Com vergonha da própria condição, seus segredos vão emergindo aos poucos, especialmente diante da irmã que, também com problemas emocionais, sempre usou de ferramentas perigosas para exteriorizá-las. E neste ambiente angustiante e silencioso, McQueen conduz uma trama de qualidade, mostrando personagens à margem de si mesmos e dos que o rodeiam, com tensão e melancolia constantes.

Com uma aura de drama oitocentista retratando um yuppie solitário, “Shame” expõe os conflitos de um personagem que, momentos depois do gozo, reinicia suas fantasias, seja de modo idealizado ou concreto. Uma compulsão similar a outras, como drogas e álcool onde, após o efeito das substâncias, o dependente sente um desejo incontrolável de recomeçar a sua busca por alívio de uma tensão constante. E dentro do próprio silêncio, Brandon se afunda cada vez mais em seus próprios desvios.

Além da direção competente de atores e de um roteiro que abusa de frases de efeito e de silêncios entrecortados pela tensa trilha sonora de Harry Escott, o filme nos ganha pela fotografia lavada de cinza, repleta de sombras e luzes de efeito, nos mostrando uma Nova York sombria  e marginal com seus inferninhos, onde sexo é entregue de bandeja.

Ousado, o filme não se intimida em oferecer cenas de sexo para lá de convincentes e planos de nu frontal de Fassbender e de Mulligan. A dupla, inclusive, é uma grande aposta que dá certo no longa. Ele, indicado ao Globo de Ouro e ao BAFTA e vencedor de Melhor Ator no Festival de Veneza, mistura charme e uma melancolia intrínseca e palpável, necessários ao papel. Ela, por outro lado, se livra um pouco de sua aura de menina doce e assume um personagem mais adulto, arriscando até mesmo uma interessante cena na qual canta o clássico “New York, New York” para a megalópole que os abrigou. Cidade, esta, que poderia constar nos créditos como uma personagem crucial para o desenvolvimento da história.

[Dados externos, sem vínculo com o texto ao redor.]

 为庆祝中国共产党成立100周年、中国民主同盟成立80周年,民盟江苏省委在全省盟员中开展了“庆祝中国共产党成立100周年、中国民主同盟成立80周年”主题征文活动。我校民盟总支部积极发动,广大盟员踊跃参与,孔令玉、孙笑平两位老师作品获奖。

Com tantos méritos, “Shame” realmente nos oferece cenas memoráveis, como o franco e sincero diálogo entre os irmãos em frente à TV ou quando Brandon, em um bar, aborda uma mulher comprometida e destila suas mais despudoradas fantasias sexuais. E nesta ode de um homem com sérios problemas de intimidade, que ficam ainda mais claros quando de seu envolvimento com a colega de trabalho Marianne (Nicole Beharie), o filme não esclarece a natureza dos problemas de carência que permeiam a dupla principal.

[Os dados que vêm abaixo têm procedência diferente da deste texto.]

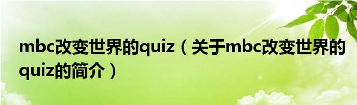 本文關于mbc改變世界的quiz的簡介就講解完畢,希望對大家有所幫助。
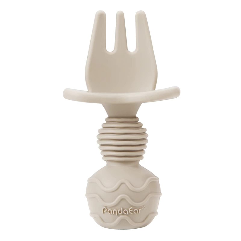 PandaEar (4 Pack) Silicone Baby Led Weaning Spoon Fork| First Training Self Feeding Utensils Set| Anti-Choke Silverware Eating Supplies for Toddler 6 Months Up (Carnation Grey)

A origem dos distúrbios não é explicada – e talvez nem tenha uma raiz exata que os originou –, porém o egoísmo de Brandon em satisfazer apenas a si mesmo pode desencadear consequências graves e irreversíveis. Diante desta ausência, que poderia frustrar o público, a trama desemboca em uma busca do próprio espectador por respostas, sejam elas possíveis ou inatingíveis. E diante de um final ambíguo, fica a pergunta que nunca quis calar: “o que faz com que sejamos dominados por nossos desejos?”.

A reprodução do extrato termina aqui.